# [PROBLEM STATEMENT]
The expected answer is a verbatim transcription of the lines below, beginning with the first and ending with the line that holds "Chaqueta con capucha", without pictures.

EXTRACTED INFORMATION Start Marker

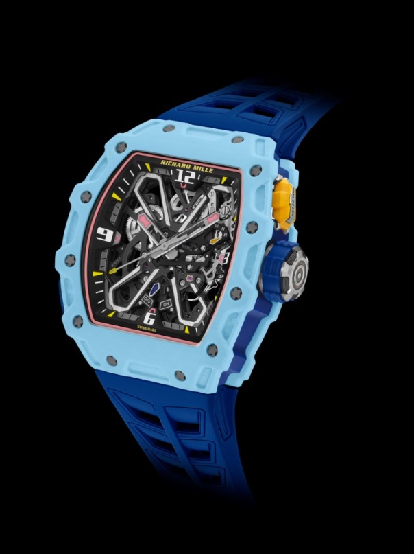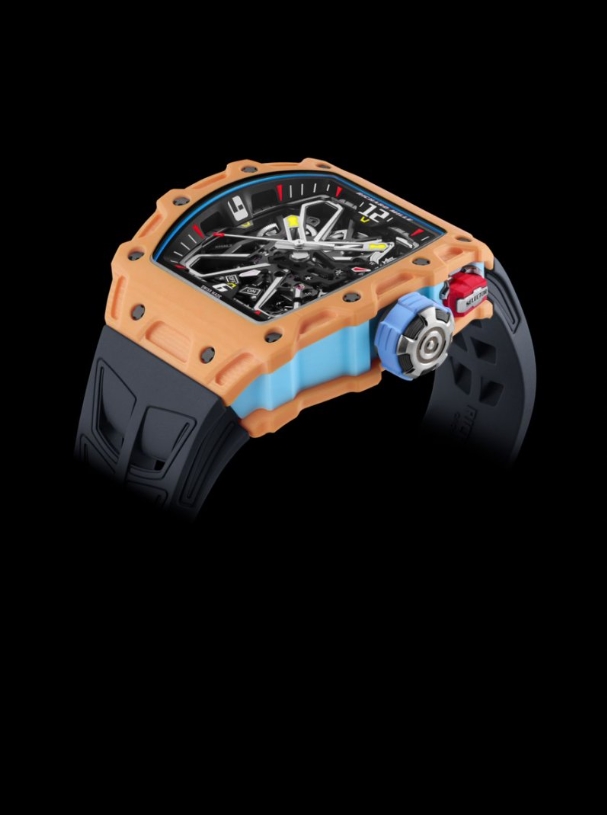 看似柔和的淡蓝与鲑鱼色,实则是RICHARDMILLE工艺难度最高的色彩之一,集中体现在RM35-03腕表上。淡蓝色的灵感源自爱琴海的晴空,为了避免色彩过于“轻浮”,团队在颜料中加入微量的云母颗粒,让蓝色透出细腻的珠光,同时通过控制纤维层的压力,让色调呈现出“近看是浅蓝,远看带灰调”的微妙变化;而鲑鱼色则需要精准平衡橘色与粉色的比例——过多的橘色会显得艳丽,过多的粉色则会过于柔和,最终通过12次工艺迭代,才确定了最接近鲑鱼腹部的暖粉色调。更重要的是,这两种色彩的QuartzTPT均保持了材质原有的抗冲击性能,真正实现了“柔美外观”与“强悍性能”的完美统一,恰如品牌“柔中带刚”的精神内核。
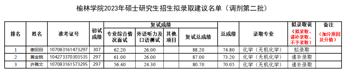 根据《伟德体育伟德体育官方网站站2023年硕士研究生招生复试录取工作方案》,公司于4月16日以线上的形式对第二批次调剂考生进行了复试。现将参加复试考生的基本信息、初试成绩、复试各项成绩、总成绩及公司“建议录取”结果予以公示:
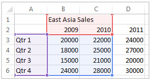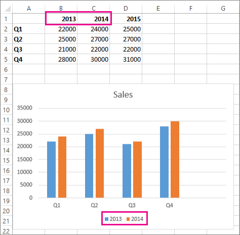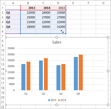 In this example, we have a chart that shows 2013 and 2014 quarterly sales data, and we've just added a new data series to the worksheet for 2015. Note that the chart does not yet display the 2015 data series.
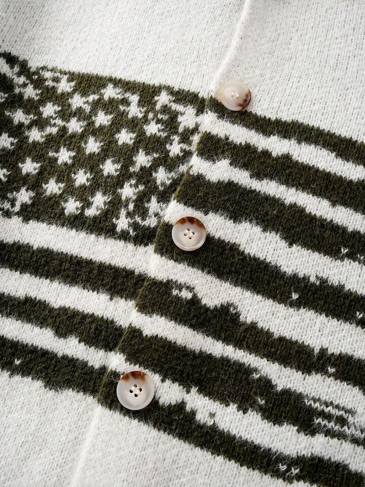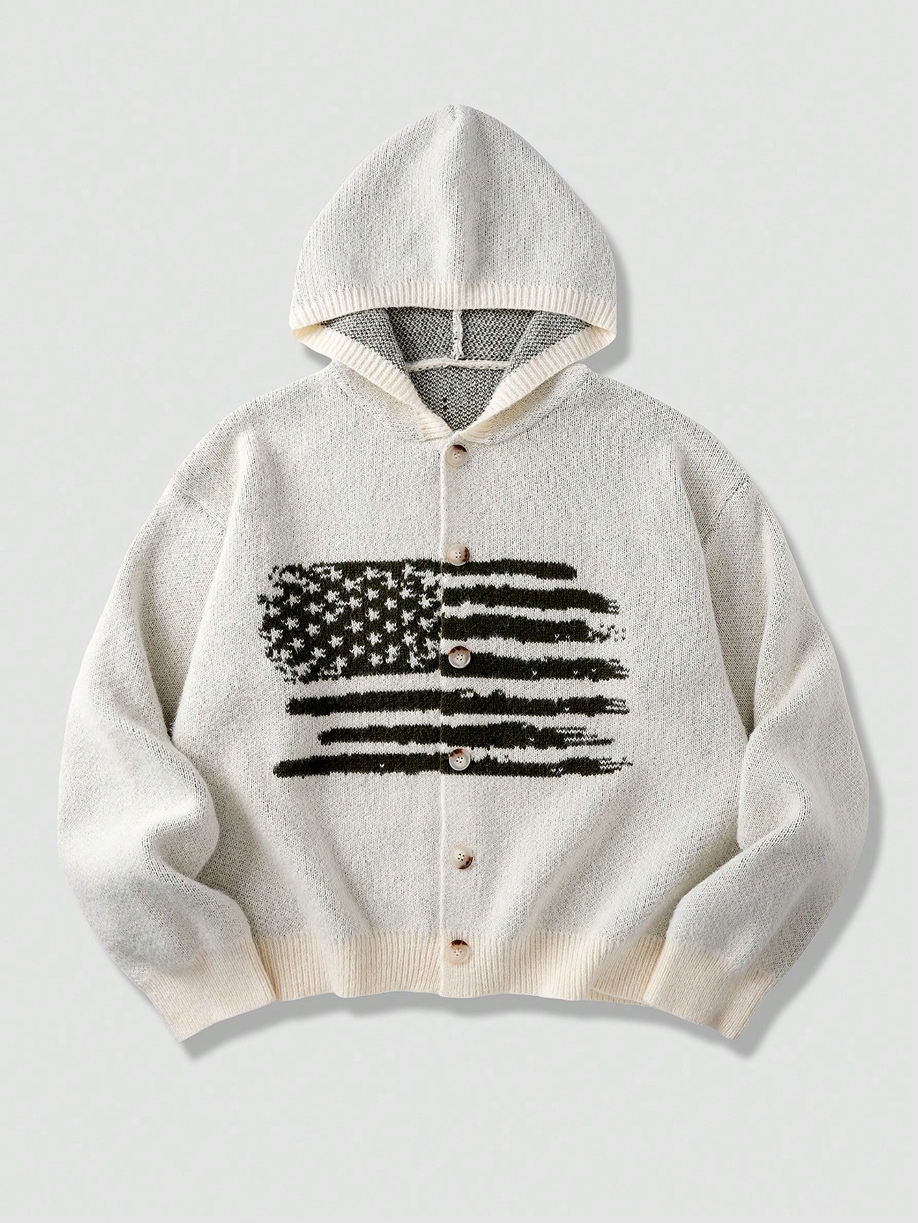 Chaqueta con capucha de manga larga de un solo pecho con patrón de jacquard de la bandera americana de corte holgado para hombre
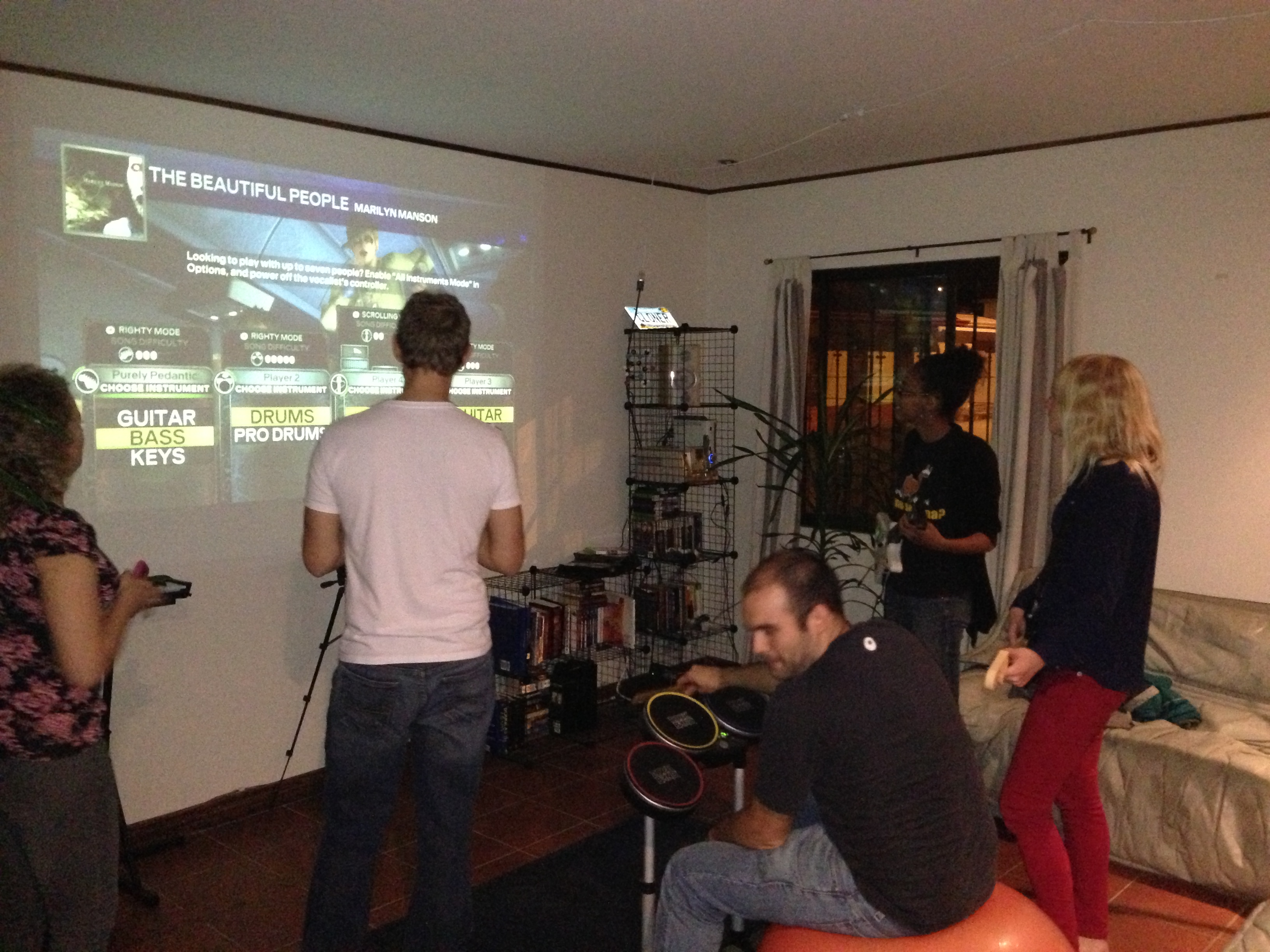 Our first night in Costa Rica greeted us with Dirty Girl Scouts and other drinks from our host of very many talents (including a PhD in human genetics) Lance. Lance introduced us to a joy we do not have the luxury of enjoying during the school weeks: video games. Namely, we focused on dancing our bottoms off with his kinect dance games and singing in our fictitious rock band. Ruthie and I even endured blood blisters from playing the drums. That’s dedication to your band.
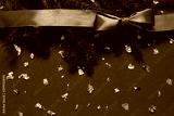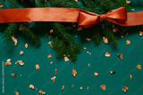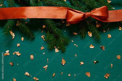 Gold foil concept Christmas or New Year festive frame on the green paper background. Copy space

EXTRACTED INFORMATION End Marker

# [YOUR RESPONSE]
 看似柔和的淡蓝与鲑鱼色,实则是RICHARDMILLE工艺难度最高的色彩之一,集中体现在RM35-03腕表上。淡蓝色的灵感源自爱琴海的晴空,为了避免色彩过于“轻浮”,团队在颜料中加入微量的云母颗粒,让蓝色透出细腻的珠光,同时通过控制纤维层的压力,让色调呈现出“近看是浅蓝,远看带灰调”的微妙变化;而鲑鱼色则需要精准平衡橘色与粉色的比例——过多的橘色会显得艳丽,过多的粉色则会过于柔和,最终通过12次工艺迭代,才确定了最接近鲑鱼腹部的暖粉色调。更重要的是,这两种色彩的QuartzTPT均保持了材质原有的抗冲击性能,真正实现了“柔美外观”与“强悍性能”的完美统一,恰如品牌“柔中带刚”的精神内核。
 根据《伟德体育伟德体育官方网站站2023年硕士研究生招生复试录取工作方案》,公司于4月16日以线上的形式对第二批次调剂考生进行了复试。现将参加复试考生的基本信息、初试成绩、复试各项成绩、总成绩及公司“建议录取”结果予以公示:
 In this example, we have a chart that shows 2013 and 2014 quarterly sales data, and we've just added a new data series to the worksheet for 2015. Note that the chart does not yet display the 2015 data series.
 Chaqueta con capucha de manga larga de un solo pecho con patrón de jacquard de la bandera americana de corte holgado para hombre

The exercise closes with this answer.